▶ **Dataset records**
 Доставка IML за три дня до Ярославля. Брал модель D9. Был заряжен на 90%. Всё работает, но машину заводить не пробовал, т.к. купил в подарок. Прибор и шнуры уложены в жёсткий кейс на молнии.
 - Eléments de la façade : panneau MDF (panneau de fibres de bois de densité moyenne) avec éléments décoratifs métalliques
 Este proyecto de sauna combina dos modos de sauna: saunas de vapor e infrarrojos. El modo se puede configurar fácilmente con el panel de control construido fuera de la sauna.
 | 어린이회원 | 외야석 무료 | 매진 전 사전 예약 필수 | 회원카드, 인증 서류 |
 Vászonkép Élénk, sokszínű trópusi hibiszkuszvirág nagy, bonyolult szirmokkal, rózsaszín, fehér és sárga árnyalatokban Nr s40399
* * *
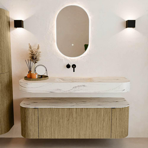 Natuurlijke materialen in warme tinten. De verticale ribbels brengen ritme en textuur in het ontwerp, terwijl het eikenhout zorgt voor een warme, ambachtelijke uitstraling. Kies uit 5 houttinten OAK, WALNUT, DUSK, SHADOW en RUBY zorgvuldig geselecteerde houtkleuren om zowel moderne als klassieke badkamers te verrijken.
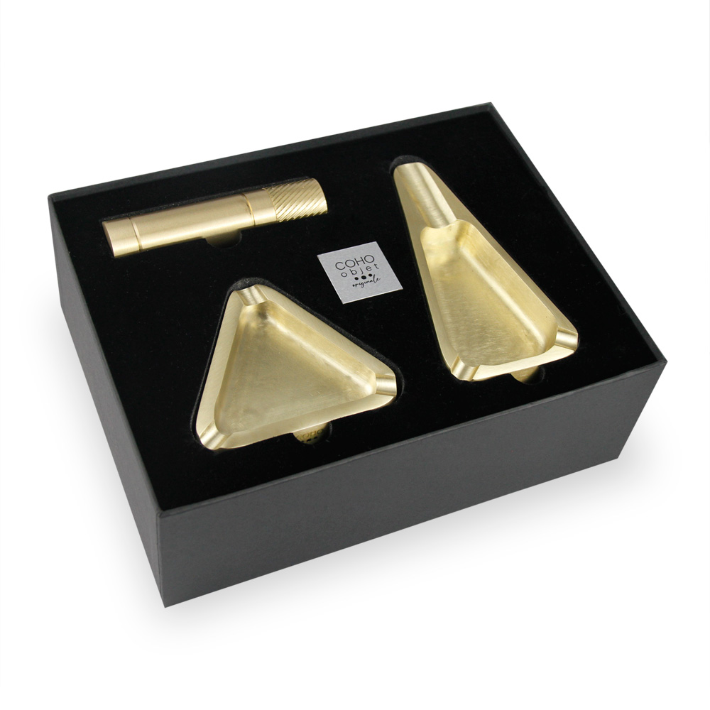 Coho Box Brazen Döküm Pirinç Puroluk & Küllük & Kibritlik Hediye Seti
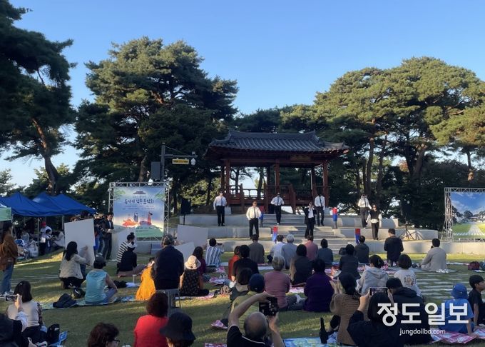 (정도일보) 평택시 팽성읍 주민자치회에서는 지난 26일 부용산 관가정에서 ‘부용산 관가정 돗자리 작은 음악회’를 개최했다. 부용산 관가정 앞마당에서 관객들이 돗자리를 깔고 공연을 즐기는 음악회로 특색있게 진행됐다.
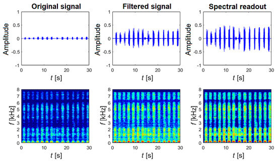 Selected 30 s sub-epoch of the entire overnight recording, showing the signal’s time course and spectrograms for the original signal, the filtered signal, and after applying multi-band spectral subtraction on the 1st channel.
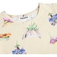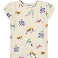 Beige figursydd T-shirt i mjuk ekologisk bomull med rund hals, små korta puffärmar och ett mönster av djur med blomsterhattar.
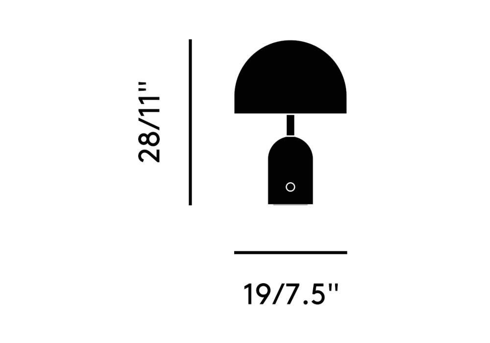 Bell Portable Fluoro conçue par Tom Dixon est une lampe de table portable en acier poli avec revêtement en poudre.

▶ **Action item**
From the records above, quote word for word only the lines beginning at the line that has "Selected 30 s" and stopping after the line that has "Bell Portable Fluoro". Omit the pictures.

▶ **Response**
 Selected 30 s sub-epoch of the entire overnight recording, showing the signal’s time course and spectrograms for the original signal, the filtered signal, and after applying multi-band spectral subtraction on the 1st channel.
 Beige figursydd T-shirt i mjuk ekologisk bomull med rund hals, små korta puffärmar och ett mönster av djur med blomsterhattar.
 Bell Portable Fluoro conçue par Tom Dixon est une lampe de table portable en acier poli avec revêtement en poudre.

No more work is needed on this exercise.